In the hospitality of war
We left them their dead
To remember us by
-Archilochus, Greek poet-soldier, 7th century BC
I first heard of the Sri Lankan Tamil struggle for liberation around 1986 in the midst of the atrocities being suffered by the Sikhs in India. As a adolescent growing in Punjab I had a soft heart for Tamil struggle, without understanding it, as I was able to connect it with the suffering of people of the Sikh faith in India. More, it intrigued me as in 1986-1987 when India sent their peacekeeping forces to Sri Lanka which included the members of the 4th Jat Battalion of the Indian army corps. 4 Jat was the army unit in which my father served for 20 years until he resigned in 1983 and became a political\human rights activist to protect and advocate for the Sikh interests.
Indian Peace Keeping Force (IPKF) was sent to Sri Lanka under the Indo-Sri Lanka Accord (1987) with the mandated role of peacekeeping, counterinsurgency and special operations. On the contrary my mother was very clear on the understanding of IPKF. She was convinced that Rajiv Gandhi, then Prime Minister of India, is using this opportunity to send large amount of Sikh Indian army men into the mouth of death. She was sure that this is another way of eliminating young men of Sikh faith, a faith which was facing its own genocide in India.

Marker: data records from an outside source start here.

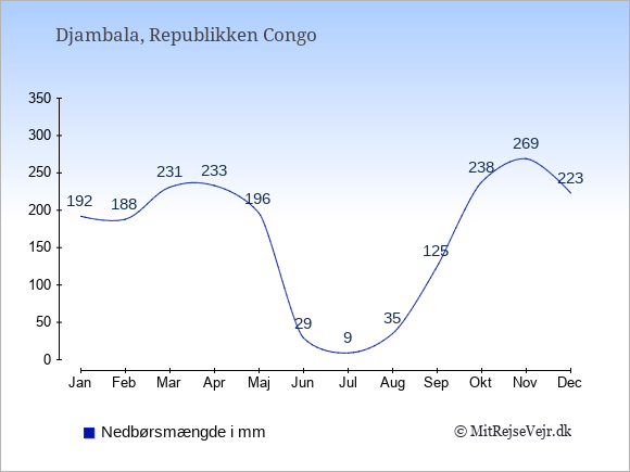 Få et samlet overblik over vejret i Djambala året rundt med temperaturer, solskinstimer og nedbør.
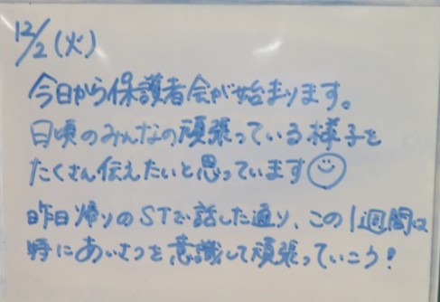 12月2日(火) あいさつがんばろう【1年黒板メッセージ】
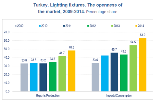 土耳其LED照明燈具市場(chǎng)的開放性在過去幾年里大大增加。2014年,LED銷售額增加6.4%,并且進(jìn)口額在近兩年呈現(xiàn)雙位數(shù)的增長(zhǎng)。土耳其LED市場(chǎng)不斷擴(kuò)大,平均每年增長(zhǎng)10%,以LED為基礎(chǔ)的產(chǎn)品預(yù)計(jì)將在未來幾年繼續(xù)擴(kuò)大。據(jù)CSIL預(yù)測(cè)的數(shù)據(jù)顯示,2018年,土耳其LED市場(chǎng)將達(dá)到38%。
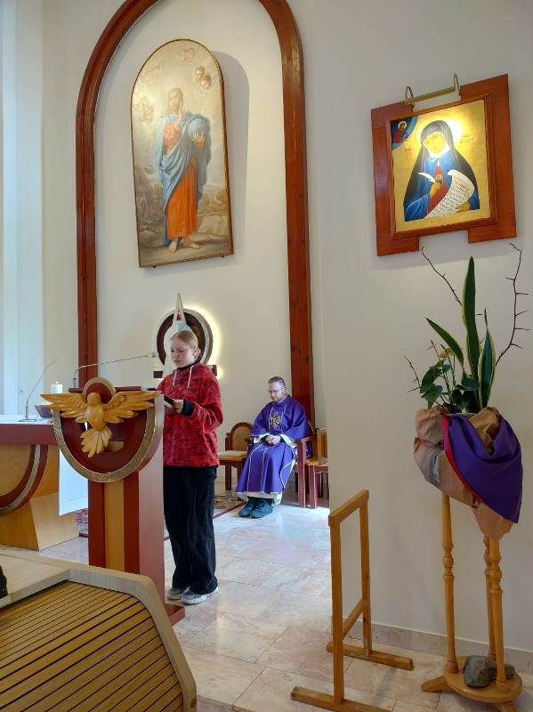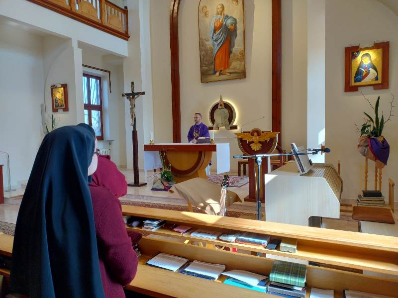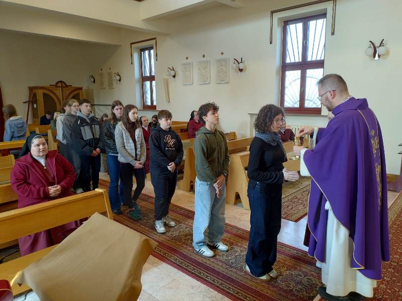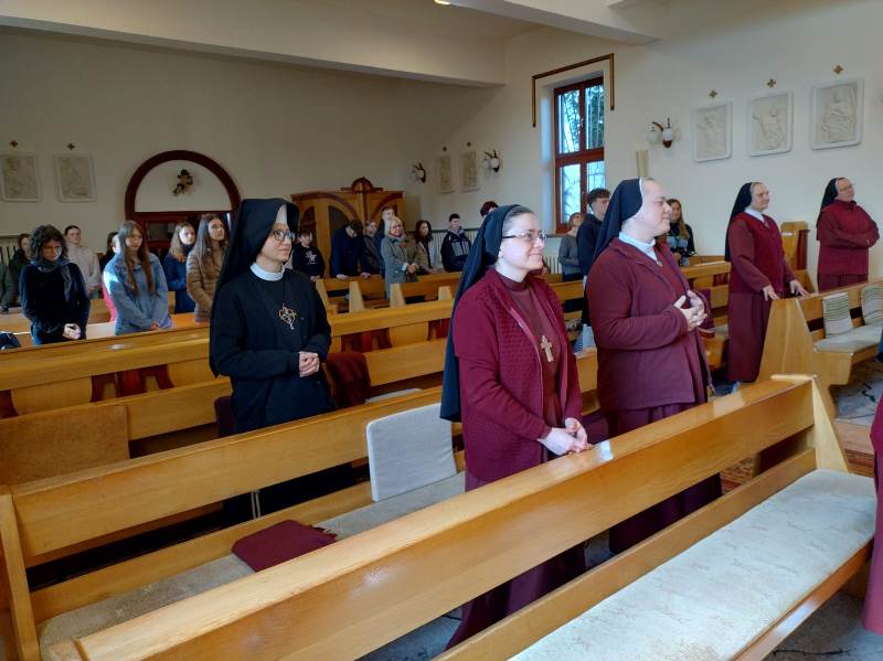 Zaczęli od celebracji Eucharystii w naszej kaplicy, sami zatroszczyli się o jej oprawę muzyczną i służbę liturgiczną. Część sióstr także uczestniczyła w tej Mszy św.
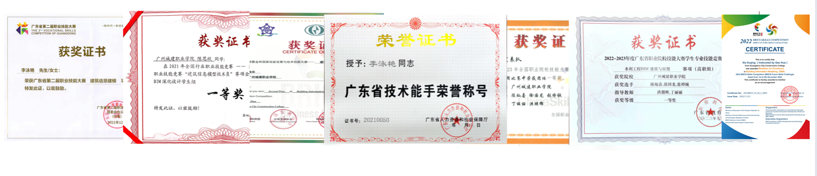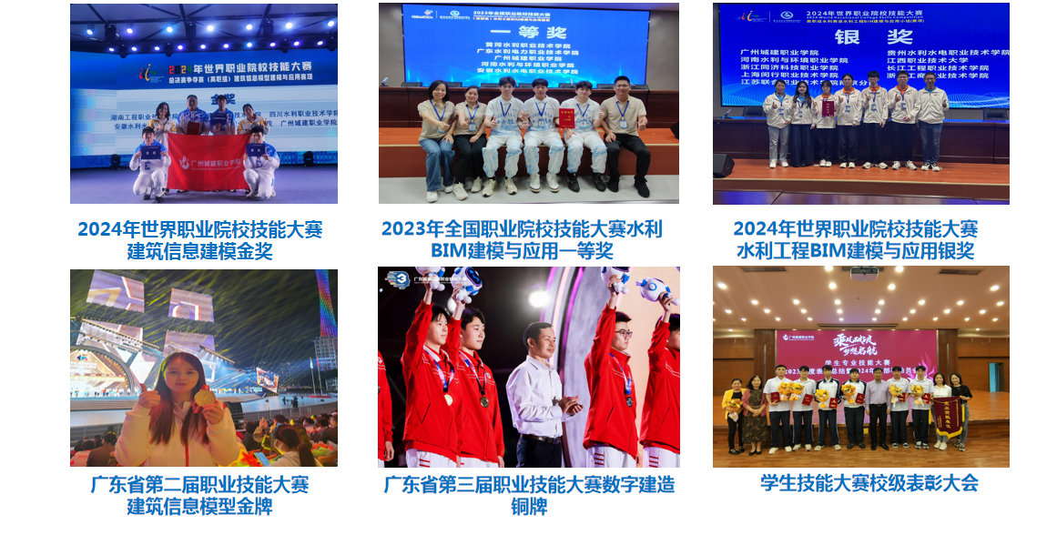 近三年,本专业学生在专业技能等竞赛中硕果累累,获第八届中国国际互联网+大赛银奖1项、2023年全国职业院校技能大赛“水利工程BIM建模与应用”一等奖1项、广东省职业技能大赛BIM赛项冠军、广东省第三届职业院校技能大赛“数字建造”项目铜奖、广东省技术能手等国家级奖项2项,省级奖项30余项。
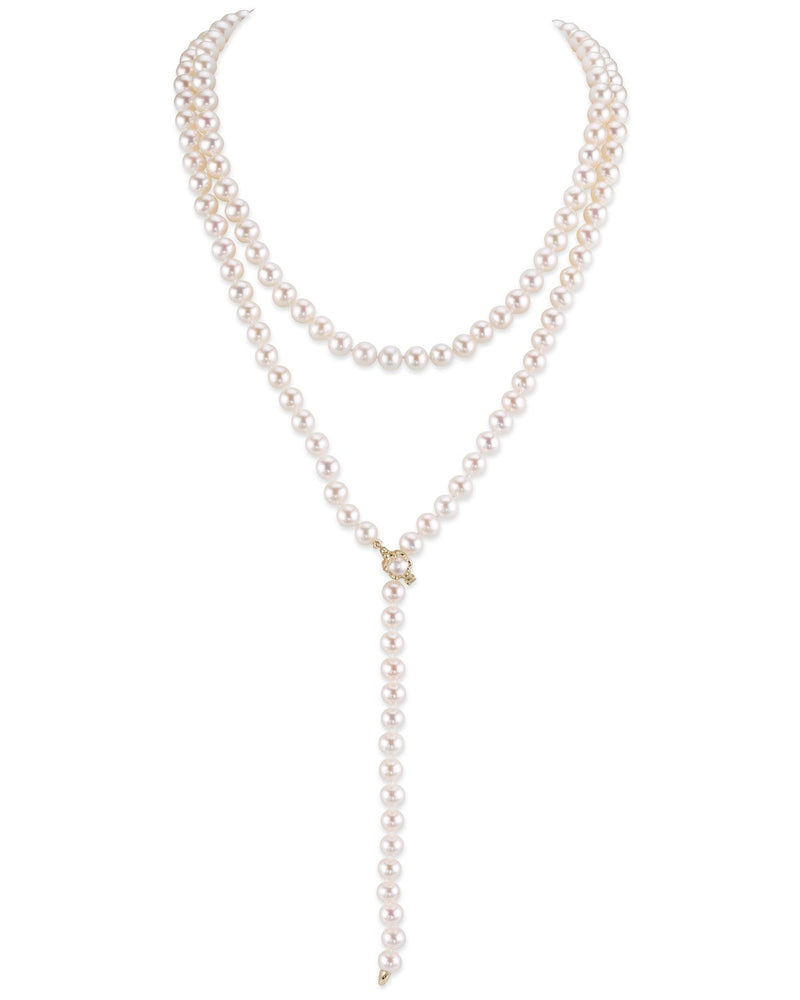 This exquisite lariat pearl necklace features AAAA quality white Freshwater pearls hand picked for their radiant luster. The pearls are strung and double knotted on the finest silk thread to a 51' rope length. The necklace is affixed with an adjustable 14K gold clasp that can be placed on any pearl on the strand for easy customization.
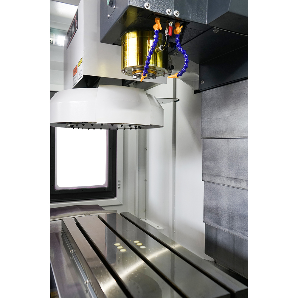 • Cambio utensile (ATC) a ombrello a 16 posizioni. Il caricamento dell'utensile avviene con estrema precisione per mezzo di un sistema navetta-carosello.

Not sure if IPKF was able to play the role of peacekeeping, but it seem that Sri Lanka became the killing field and IPKF paid heavy price with casualties and this chapter went down in history as a cluster of Indian intelligence failures. The biggest dark spot came when Indian Army killed around 70 civilian patients and staff of a Jaffna teaching hospital, this is known as Jaffna hospital massacre. On 21st May 1991 Rajiv Gandhi was assassinated by Tamil fighters.
Tamils suffered heavily and especially the civilians paid the price of being at the wrong place at the wrong time. According to media reports civilians on the both sides suffered and became scape goats to serve the interests of government and the Tamil guerrillas. Similarly, war crime allegations came across on the both sides especially in 2009 which I like to call as “The Last Battle” of the Sri Lankan civil war. Tamils were butchered, shot, and raped. Refugees in the government camps were denied food, medicine, and water and possibly killed with no outside eye witness. A United Nations panel of experts was setup to provide advice and assess violations of human rights in Sri Lanka by either sides.
On June 10th 2009 Canadian MP Bob Rae was denied entry to Sri Lanka at the Bandaranaike International Airport. Bob Rae was traveling to the war ripped country to meet with UN officials and assess the situation. I strongly believe that he was denied entry to hide the truth from the rest of the World, Sri Lanka definitely had something to hide.
Tamil genocide is being marked around the World this week and it makes my heart bleed to hear and read the tales of horrific inhuman treatment of Tamils for many decades. It is important for us to write, speak and remember the acts of genocides irrespective of where and to whom it happens.